(Collected data)
-- Opening Marker --
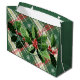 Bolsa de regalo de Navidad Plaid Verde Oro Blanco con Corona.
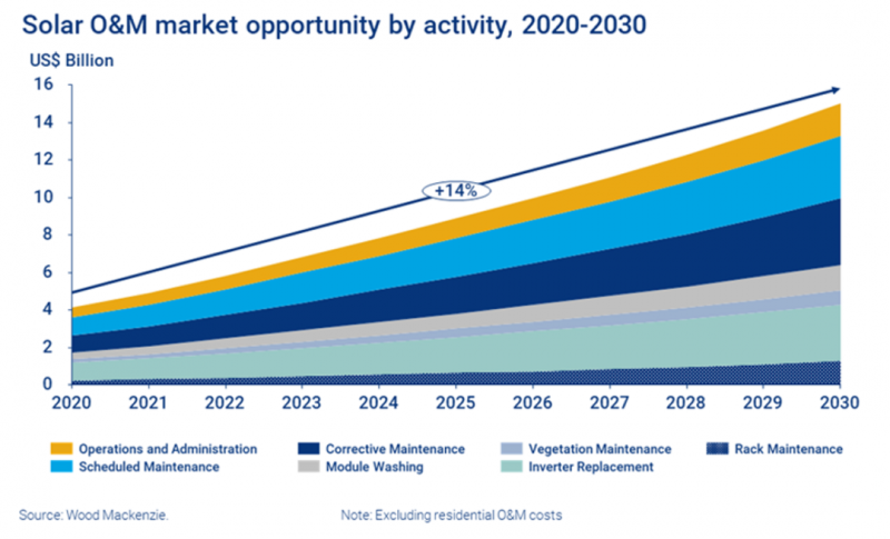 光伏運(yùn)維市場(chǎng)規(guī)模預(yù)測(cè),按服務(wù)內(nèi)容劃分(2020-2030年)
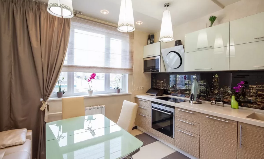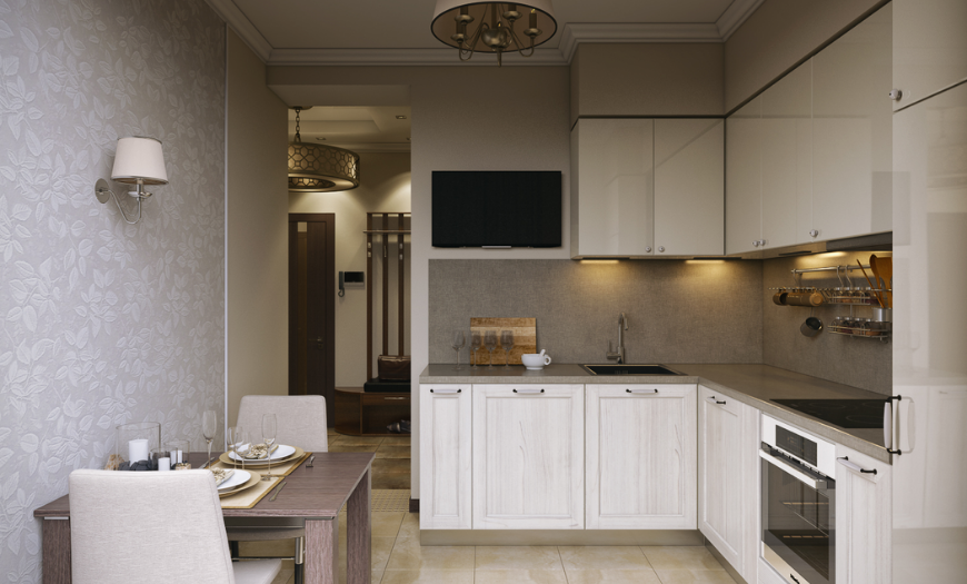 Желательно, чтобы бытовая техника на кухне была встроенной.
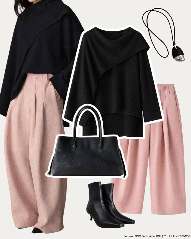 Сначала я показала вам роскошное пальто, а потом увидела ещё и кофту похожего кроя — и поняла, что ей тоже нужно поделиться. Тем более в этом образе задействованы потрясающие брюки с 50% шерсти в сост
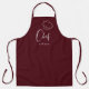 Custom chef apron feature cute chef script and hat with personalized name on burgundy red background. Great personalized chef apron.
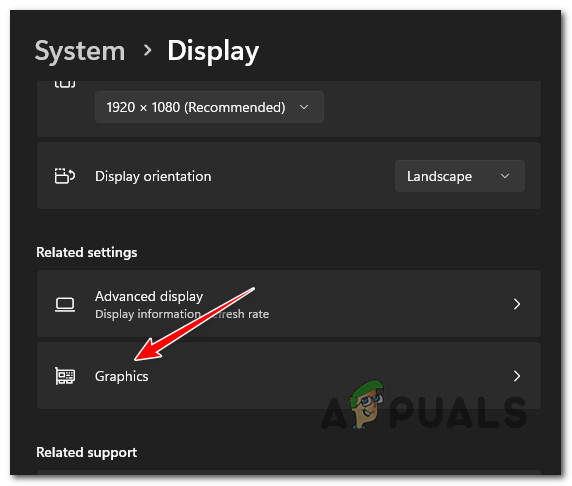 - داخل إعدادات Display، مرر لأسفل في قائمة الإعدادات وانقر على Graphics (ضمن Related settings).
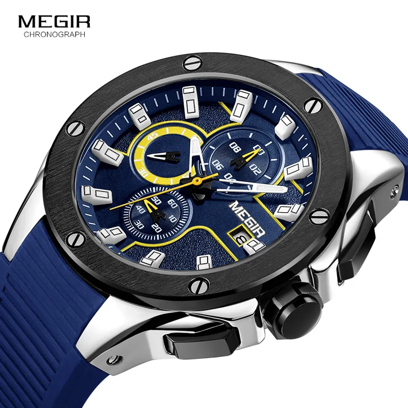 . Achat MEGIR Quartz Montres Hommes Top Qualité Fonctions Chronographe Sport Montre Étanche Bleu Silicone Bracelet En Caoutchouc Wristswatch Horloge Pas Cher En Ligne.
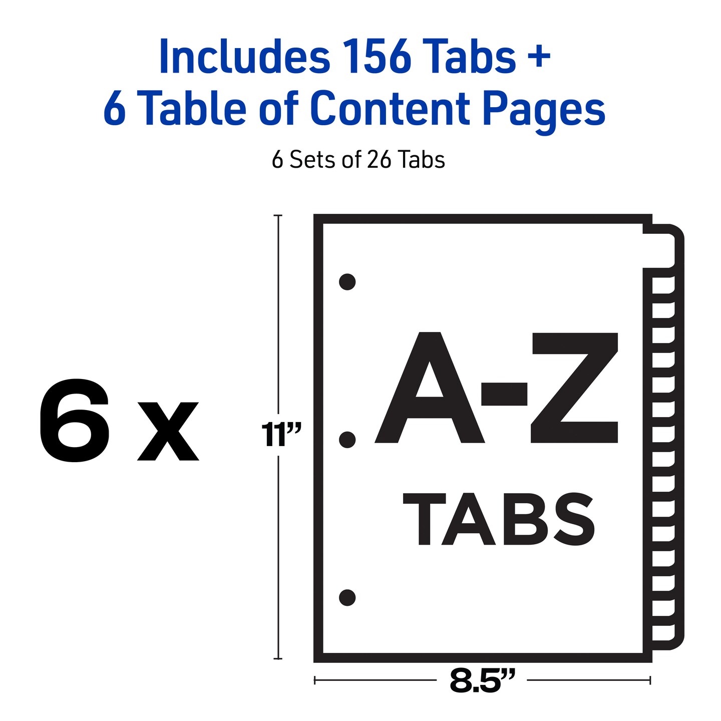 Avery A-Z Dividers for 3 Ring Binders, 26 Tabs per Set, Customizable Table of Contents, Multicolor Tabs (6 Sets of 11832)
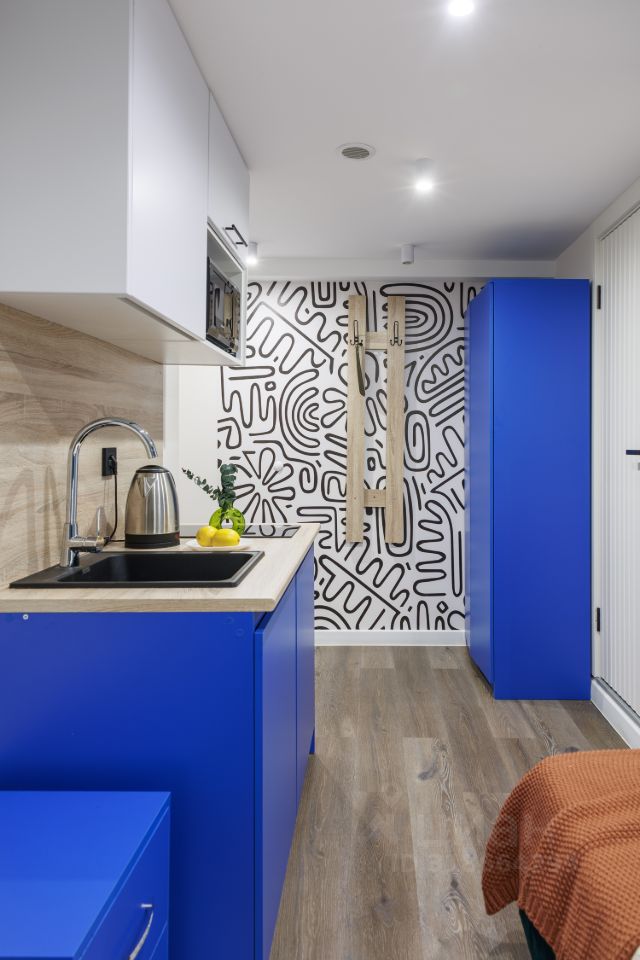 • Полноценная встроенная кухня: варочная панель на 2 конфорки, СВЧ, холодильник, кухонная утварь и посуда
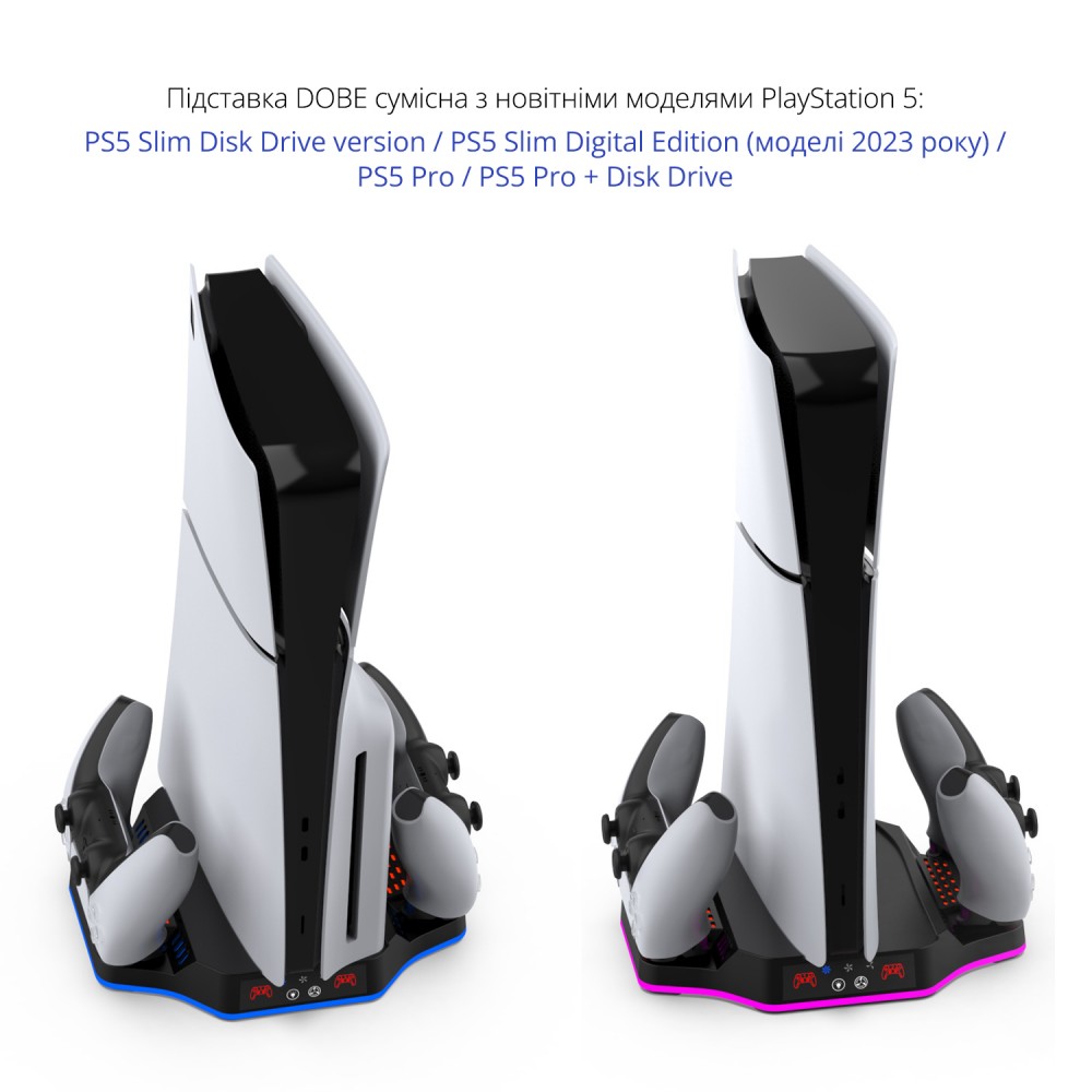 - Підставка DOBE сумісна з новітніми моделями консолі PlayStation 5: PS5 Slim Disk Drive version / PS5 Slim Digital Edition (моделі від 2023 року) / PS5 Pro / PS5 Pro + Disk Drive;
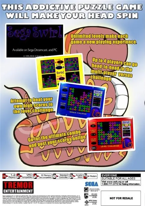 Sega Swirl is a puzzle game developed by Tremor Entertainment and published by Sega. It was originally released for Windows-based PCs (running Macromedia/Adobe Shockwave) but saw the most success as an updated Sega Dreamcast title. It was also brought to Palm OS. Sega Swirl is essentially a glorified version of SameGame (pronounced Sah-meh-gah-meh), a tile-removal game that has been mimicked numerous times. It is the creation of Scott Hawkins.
-- Closing Marker --
> _TASK DIRECTIONS_: Each record above is to be written out exactly; the pictures are not.

> _YOUR SOLUTION_:
 Bolsa de regalo de Navidad Plaid Verde Oro Blanco con Corona.
 光伏運(yùn)維市場(chǎng)規(guī)模預(yù)測(cè),按服務(wù)內(nèi)容劃分(2020-2030年)
 Желательно, чтобы бытовая техника на кухне была встроенной.
 Сначала я показала вам роскошное пальто, а потом увидела ещё и кофту похожего кроя — и поняла, что ей тоже нужно поделиться. Тем более в этом образе задействованы потрясающие брюки с 50% шерсти в сост
 Custom chef apron feature cute chef script and hat with personalized name on burgundy red background. Great personalized chef apron.
 - داخل إعدادات Display، مرر لأسفل في قائمة الإعدادات وانقر على Graphics (ضمن Related settings).
 . Achat MEGIR Quartz Montres Hommes Top Qualité Fonctions Chronographe Sport Montre Étanche Bleu Silicone Bracelet En Caoutchouc Wristswatch Horloge Pas Cher En Ligne.
 Avery A-Z Dividers for 3 Ring Binders, 26 Tabs per Set, Customizable Table of Contents, Multicolor Tabs (6 Sets of 11832)
 • Полноценная встроенная кухня: варочная панель на 2 конфорки, СВЧ, холодильник, кухонная утварь и посуда
 - Підставка DOBE сумісна з новітніми моделями консолі PlayStation 5: PS5 Slim Disk Drive version / PS5 Slim Digital Edition (моделі від 2023 року) / PS5 Pro / PS5 Pro + Disk Drive;
 Sega Swirl is a puzzle game developed by Tremor Entertainment and published by Sega. It was originally released for Windows-based PCs (running Macromedia/Adobe Shockwave) but saw the most success as an updated Sega Dreamcast title. It was also brought to Palm OS. Sega Swirl is essentially a glorified version of SameGame (pronounced Sah-meh-gah-meh), a tile-removal game that has been mimicked numerous times. It is the creation of Scott Hawkins.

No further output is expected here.